Because public financing enhances speech, promotes competition levels the playing field, and reduces reliance on special-interest money, it is the essential reform of the next generation-along with overturning Buckley. So the question is, what form of public financing? The full public financing programs of Arizona, Maine, and Vermont are very attractive, promising experiments. But few elections have been held under Clean Money laws, and the body of evidence supporting them is limited. Because Clean Money is still in its infancy, it's hard to see Congress adopting it in the near future, which is precisely the reason that the movement's founding organizers focused their initial efforts in ~e states. They understood that you have to walk before you can run.

The bill that stands the best chance of both appealing to members of Congress and re-creating the large, diverse coalition behind McCain-Feingold is one built on a law that already has bipartisan support: public funding of presidential candidates. Qualifying presidential candidates who agree to accept spending limits receive public matching funds in the primary election and a flat grant in general election. No one can argue that the system protects incumbents: three of five incumbent presidents have been defeated running under it. Nor can anyone argue that it violates conservative principles: as noted, Ronald Reagan accepted over $90 million in public funding in his three presidential bids.

From lessons learned in presidential, state, and local campaigns, public financing for congressional candidates should include the following elements:

A GENEROUS MATCHING RATE.
At the presidential level, the matching fund program provides a dollar-for-dollar match up to the first $250 contributed. New York City has shown that by increasing the matching rate to 4 to 1, candidates with grassroots community support can rely on small contributions and still raise the money needed to run competitive campaigns.

Although matching-fund programs aren't intended to eliminate fund-raising, as Clean Money aims to do, they can provide the bulk of funds available to candidates. There is no perfect matching rate, but none has proven more effective than New York City's in accomplishing the chief goals of reform: elections that are more competitive and candidates who are less dependent on special interests. For this reason, the congressional matching rate for public funds should be set at 4 to 1, up to the first $250 contributed by individuals (or more if a rich opponent opts out). Contributions from PACs should not be matched, nor should out-of-state contributions.
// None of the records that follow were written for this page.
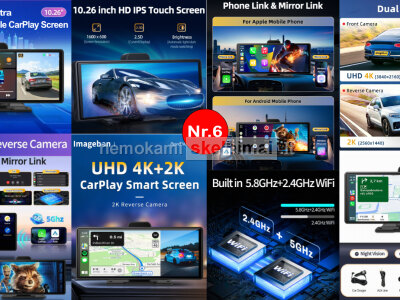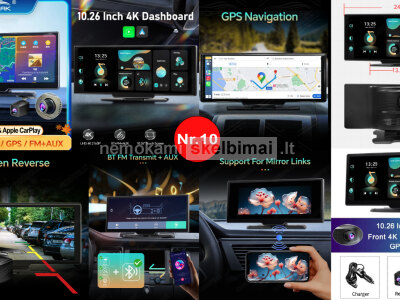 • VTOPEK 4K DUAL 10.26" – belaidis CarPlay / Android Auto, 4K priekinė + 1080P galinė kamera, GPS, Wi-Fi, FM / AUX / Bluetooth.
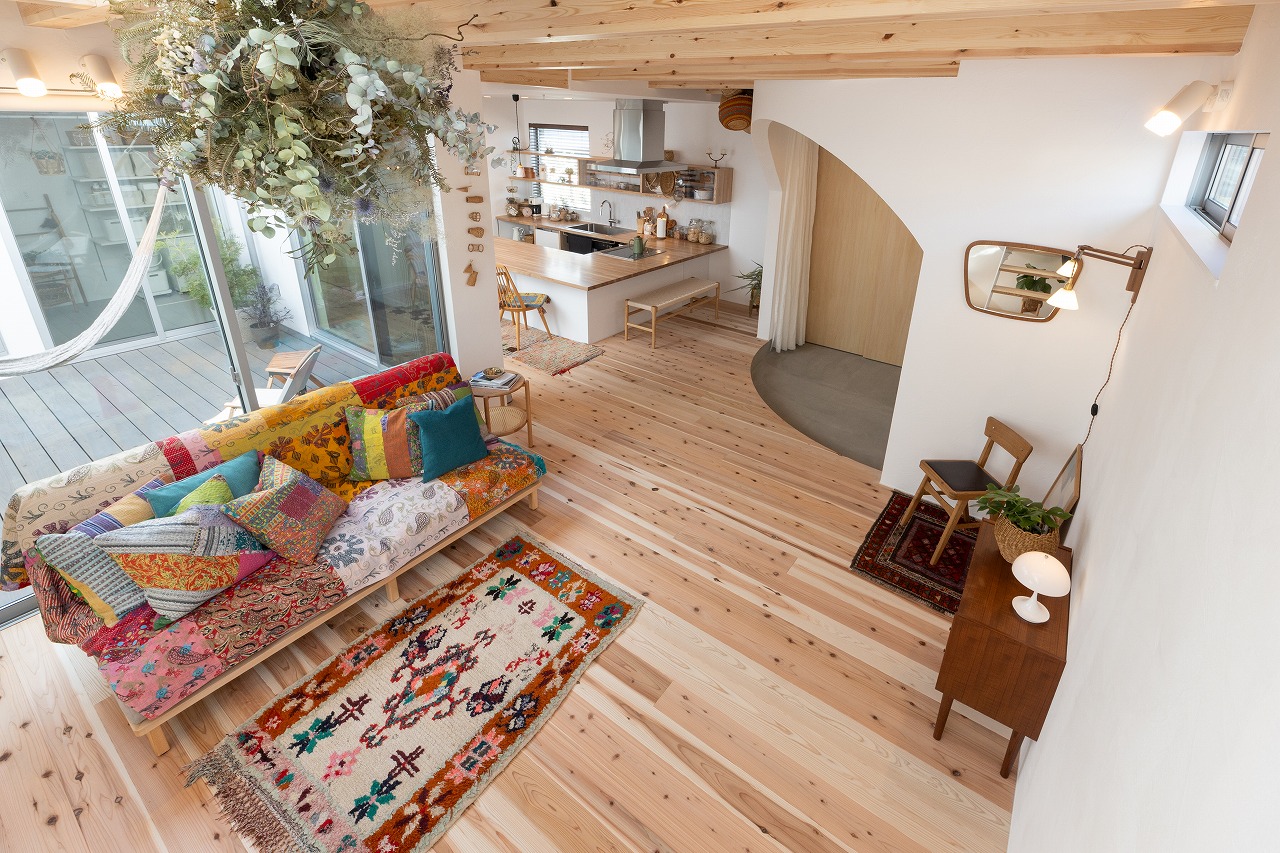 中庭から光が差し込む解放感のあるソラマドの家です。
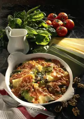 Clean the spinach and wash it thoroughly. Peel and finely dice the onions and garlic. Heat the oil in a pot. Fry half of the onions and garlic in it. Add the spinach, let it fall together, take it out and let it cool down. Crumble the cheese coarsely. Chop the nuts. Cook pasta plates in plenty of boiling salted water for 8 minutes. Remove the lasagne and rinse under cold water. Heat the remaining onions in the fat. Add flour and sauté. Deglaze with milk and chunky tomatoes. Boil up while stirring. Season to taste with salt and pepper. Mix spinach, cheese, 2/3 nuts and thyme. Spread the spinach filling on one half of the lasagne sheets and fold over. Place the lasagne sheets in a greased casserole dish. Spread the sauce over it, skin and core the tomatoes and cut into small cubes. Sprinkle the remaining nuts and tomato cubes on top. Bake in a preheated oven (electric: 200 °C/ gas: level 3) for 10 minutes
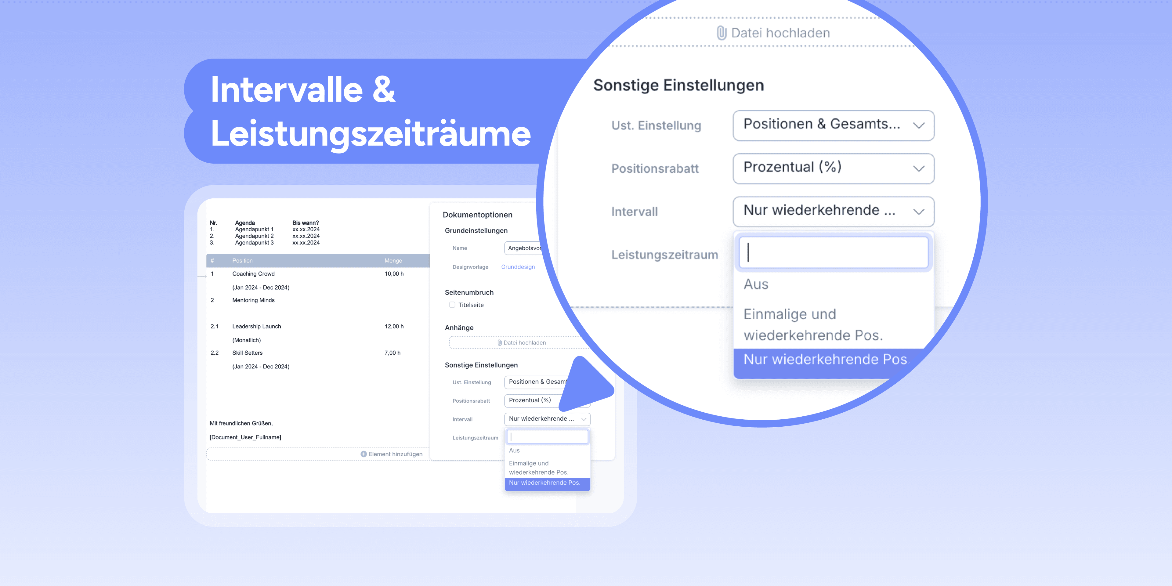 Auf den Wunsch unserer helloHQ-User hin ist es nun möglich, Angaben zu Leistungszeiträumen und Intervallen auf Angeboten und Auftragsbestätigungen auszublenden. Du bietest in einem Angebot sowohl einmalige als auch wiederkehrende Positionen an? Das neue helloHQ-Update ermöglicht es dir, den Leistungszeitraum und/oder das Intervall nun nur bei wiederkehrenden Positionen anzeigen zu lassen oder komplett auszublenden, was deine Finanzdokumente übersichtlicher und geordneter macht. Die Einstellung dazu kann in den Dokumentvorlagen vorgenommen werden.
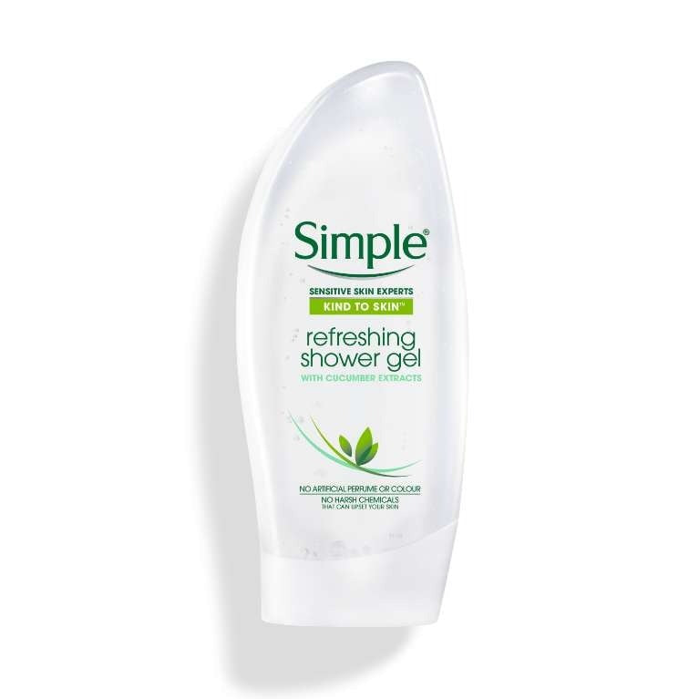 Simple Kind to Skin Refreshing Shower Gel is the perfect blend of ingredients to clean and energise your skin.Simple's sensitive skin experts created a shower gel that is perfect for even the most sensitive skin.Simple Refreshing Shower Gel is enriched with cucumber extracts and pro-vitamin B5.This body wash contains no artificial perfume, colour, or harsh chemicals that can upset your skin.This shower gel for dry skin is dermatologically tested and approved.Squeeze our sensitive body wash onto a sponge or your hands.Gently massage over your skin to form a rich lather. Rinse thoroughly. Avoid contact with eyes.
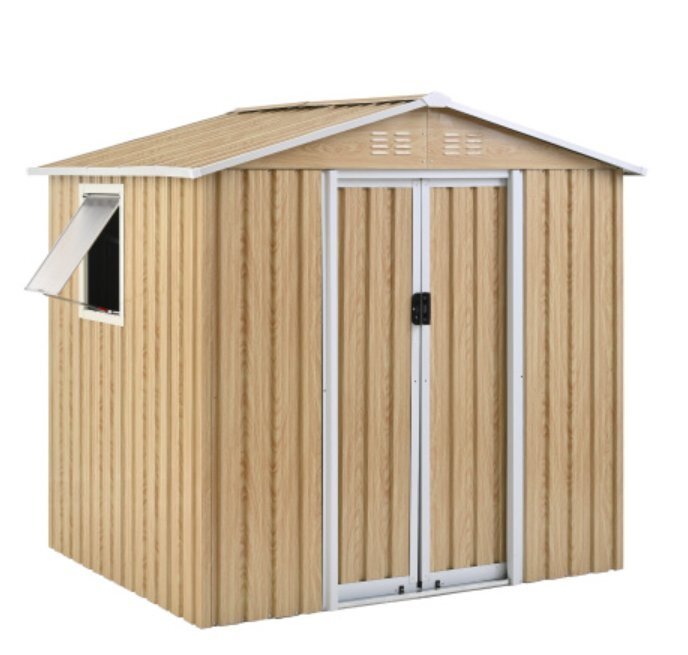 - 【可動棚&すべり出し窓付き】物置 屋外 スチール 倉庫 床材補強フレーム付き 戸外収納庫 W194cm*D162cm*H184cm 物置き 黄色です
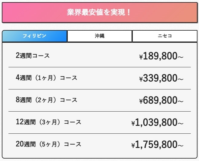 これらが含まれていることを考えると、単なる語学スクールとは比較しにくい内容です。
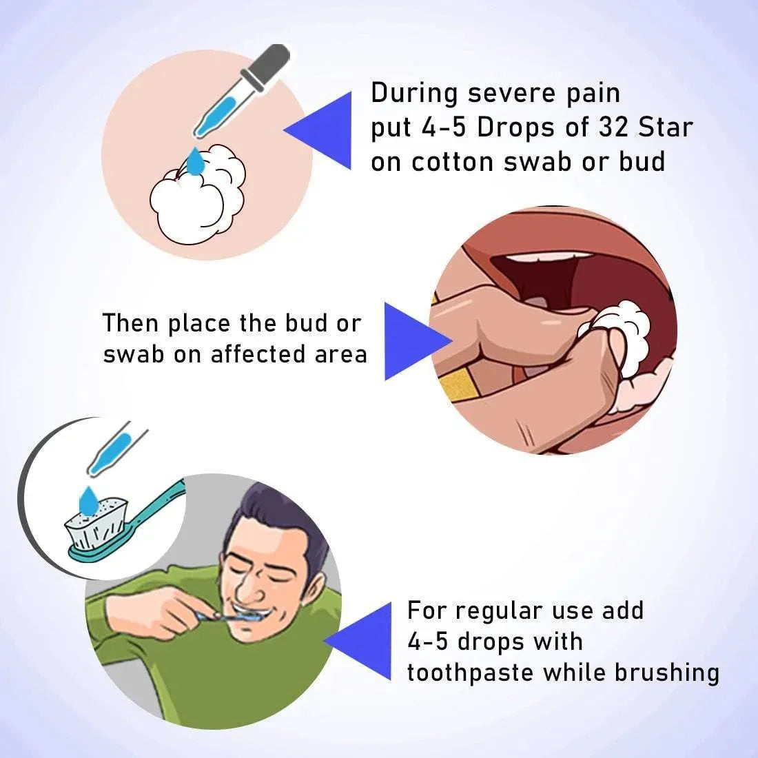 During severe pain, put 4-5 drops of 32star on a cotton swab or bud, then place the bud or swab on the affected area. For regular use, add 4-5 drops with toothpaste while brushing.
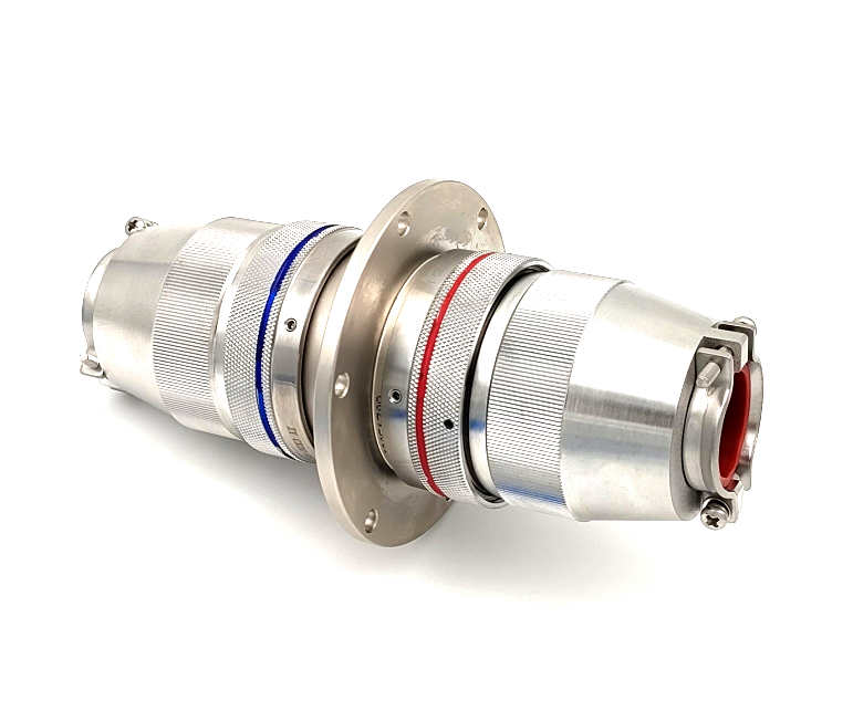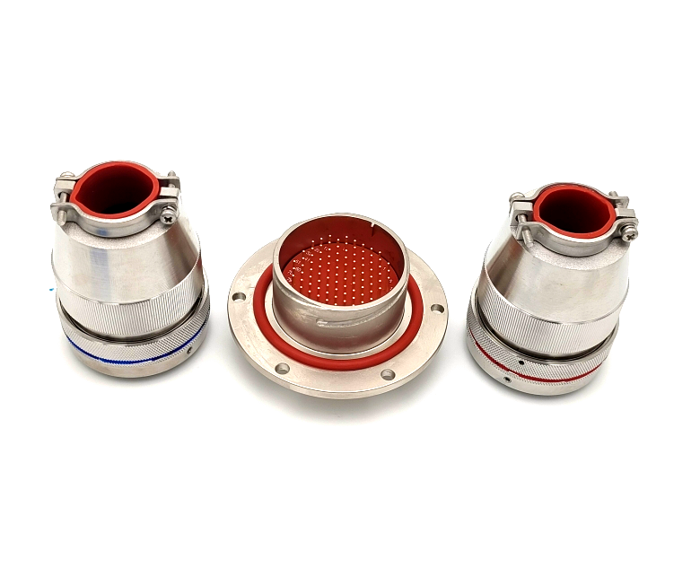 真空箱體壁上,里外有連接插頭,撤卸方便。螺紋連接方式,不防誤插,插針和插孔無法定位,有攆彎或攆斷現象。卡口
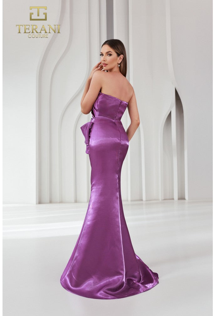 Entrancing mermaid fit and flared formal gown, strapless, with sweetheart neckline, and stunning contrasting floral embellished design throughout bodice and scattered intricately down the skirt.

If candidates raise all of their money in small contributions, they should be able to receive public funds in amounts up to two-thirds of the spending limit. Most candidates will raise some of their money in amounts exceeding $250, and thus the average candidate will receive less than two-thirds of his or her money in public funds. But the 4 to 1 match, resulting in grants up to two-thirds of the spending cap, protects candidates with broad-based support in low-income communities from being significantly outspent by rivals with better financial connections.

REASONABLE QUALlFYING THRESHOLDS.
For candidates to receive public funds, they must raise enough money from enough local residents t o prove their viability. How much is enough? The trick in setting thresholds is to set them high enough to exclude frivolous campaigns, but low enough to include serious grassroots contenders. In Los Angeles, where City Council districts are about 40 percent as large as the average congressional district, council candidates must raise $25,000 from a total of at least 100 different contributors to qualify for public funds, and only the first $250 of a contribution applies toward this threshold. A report by the Center for Governmental Studies found that the thresholds are "appropriately set."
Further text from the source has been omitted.